**What to produce:** Each record is to be printed again exactly, though not its pictures.

[Stored items]

═══

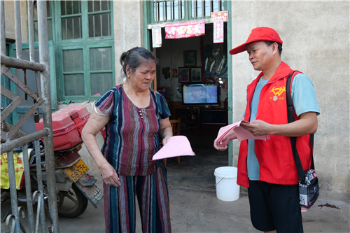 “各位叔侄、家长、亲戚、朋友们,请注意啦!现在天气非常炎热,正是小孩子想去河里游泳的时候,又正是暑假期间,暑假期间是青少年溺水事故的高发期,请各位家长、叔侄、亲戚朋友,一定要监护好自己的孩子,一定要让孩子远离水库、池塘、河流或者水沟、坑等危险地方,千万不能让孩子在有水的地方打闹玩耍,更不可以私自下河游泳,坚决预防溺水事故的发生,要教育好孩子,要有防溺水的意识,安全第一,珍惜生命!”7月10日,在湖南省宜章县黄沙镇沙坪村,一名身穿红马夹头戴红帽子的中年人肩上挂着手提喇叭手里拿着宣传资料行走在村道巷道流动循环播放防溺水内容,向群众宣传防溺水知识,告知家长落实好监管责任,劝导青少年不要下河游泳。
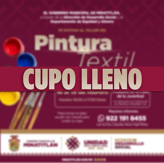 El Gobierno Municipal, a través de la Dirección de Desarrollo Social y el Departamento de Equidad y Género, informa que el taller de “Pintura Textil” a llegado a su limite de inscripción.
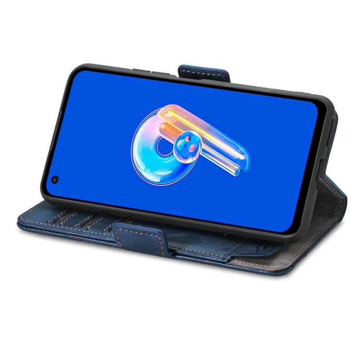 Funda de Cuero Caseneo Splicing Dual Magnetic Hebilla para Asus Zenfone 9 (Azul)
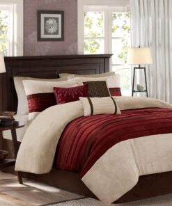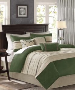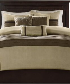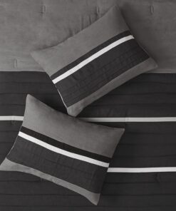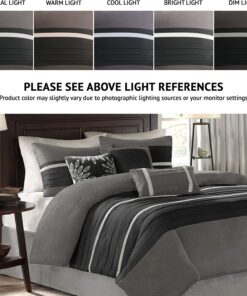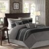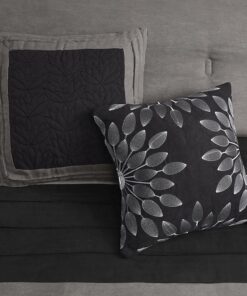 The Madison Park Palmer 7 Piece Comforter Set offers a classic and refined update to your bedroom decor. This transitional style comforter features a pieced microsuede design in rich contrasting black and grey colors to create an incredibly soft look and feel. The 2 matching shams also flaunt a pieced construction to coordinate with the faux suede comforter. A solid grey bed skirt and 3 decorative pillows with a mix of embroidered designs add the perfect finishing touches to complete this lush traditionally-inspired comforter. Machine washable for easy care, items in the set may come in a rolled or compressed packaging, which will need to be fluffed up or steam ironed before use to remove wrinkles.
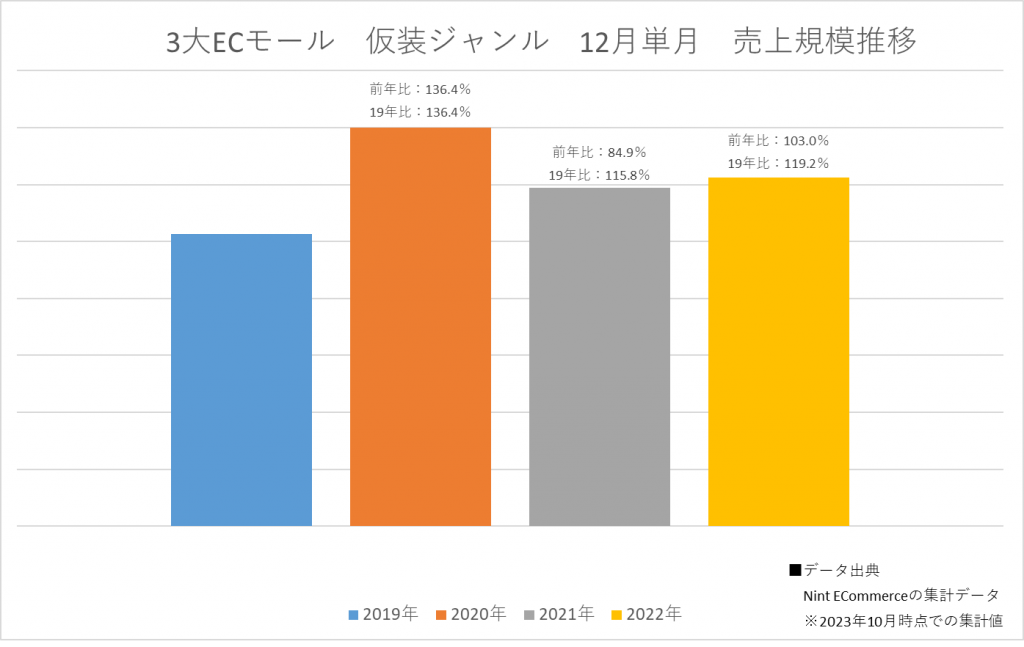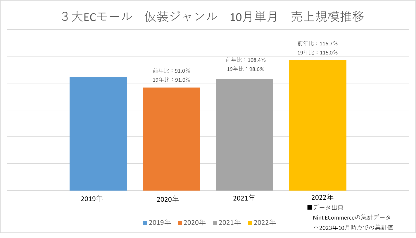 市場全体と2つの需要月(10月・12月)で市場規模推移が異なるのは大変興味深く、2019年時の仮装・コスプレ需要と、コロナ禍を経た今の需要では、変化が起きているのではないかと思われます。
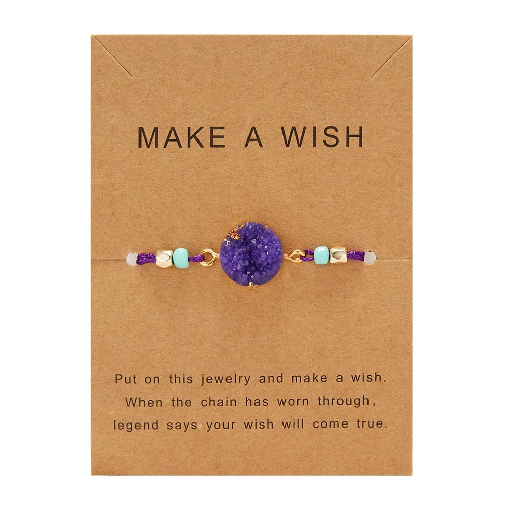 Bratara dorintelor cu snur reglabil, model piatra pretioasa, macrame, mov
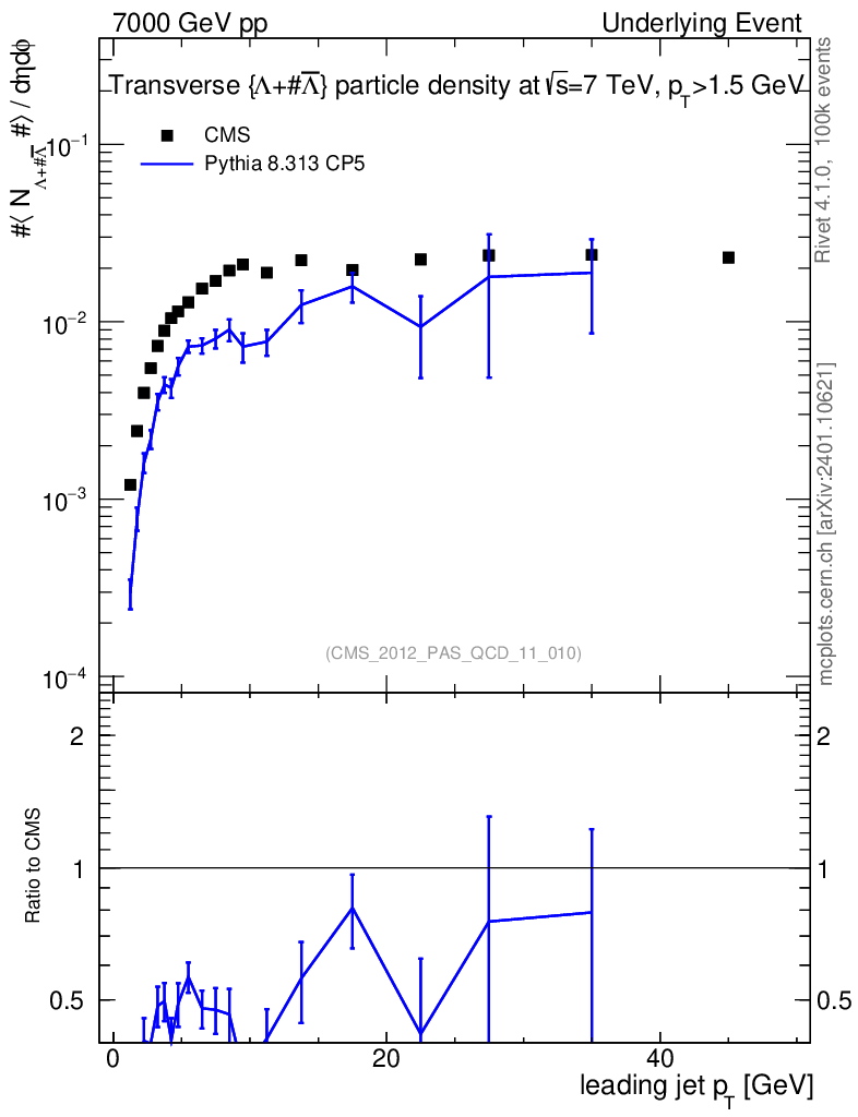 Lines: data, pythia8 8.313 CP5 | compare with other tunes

═══

**Reply to the task:**
 “各位叔侄、家长、亲戚、朋友们,请注意啦!现在天气非常炎热,正是小孩子想去河里游泳的时候,又正是暑假期间,暑假期间是青少年溺水事故的高发期,请各位家长、叔侄、亲戚朋友,一定要监护好自己的孩子,一定要让孩子远离水库、池塘、河流或者水沟、坑等危险地方,千万不能让孩子在有水的地方打闹玩耍,更不可以私自下河游泳,坚决预防溺水事故的发生,要教育好孩子,要有防溺水的意识,安全第一,珍惜生命!”7月10日,在湖南省宜章县黄沙镇沙坪村,一名身穿红马夹头戴红帽子的中年人肩上挂着手提喇叭手里拿着宣传资料行走在村道巷道流动循环播放防溺水内容,向群众宣传防溺水知识,告知家长落实好监管责任,劝导青少年不要下河游泳。
 El Gobierno Municipal, a través de la Dirección de Desarrollo Social y el Departamento de Equidad y Género, informa que el taller de “Pintura Textil” a llegado a su limite de inscripción.
 Funda de Cuero Caseneo Splicing Dual Magnetic Hebilla para Asus Zenfone 9 (Azul)
 The Madison Park Palmer 7 Piece Comforter Set offers a classic and refined update to your bedroom decor. This transitional style comforter features a pieced microsuede design in rich contrasting black and grey colors to create an incredibly soft look and feel. The 2 matching shams also flaunt a pieced construction to coordinate with the faux suede comforter. A solid grey bed skirt and 3 decorative pillows with a mix of embroidered designs add the perfect finishing touches to complete this lush traditionally-inspired comforter. Machine washable for easy care, items in the set may come in a rolled or compressed packaging, which will need to be fluffed up or steam ironed before use to remove wrinkles.
 市場全体と2つの需要月(10月・12月)で市場規模推移が異なるのは大変興味深く、2019年時の仮装・コスプレ需要と、コロナ禍を経た今の需要では、変化が起きているのではないかと思われます。
 Bratara dorintelor cu snur reglabil, model piatra pretioasa, macrame, mov
 Lines: data, pythia8 8.313 CP5 | compare with other tunes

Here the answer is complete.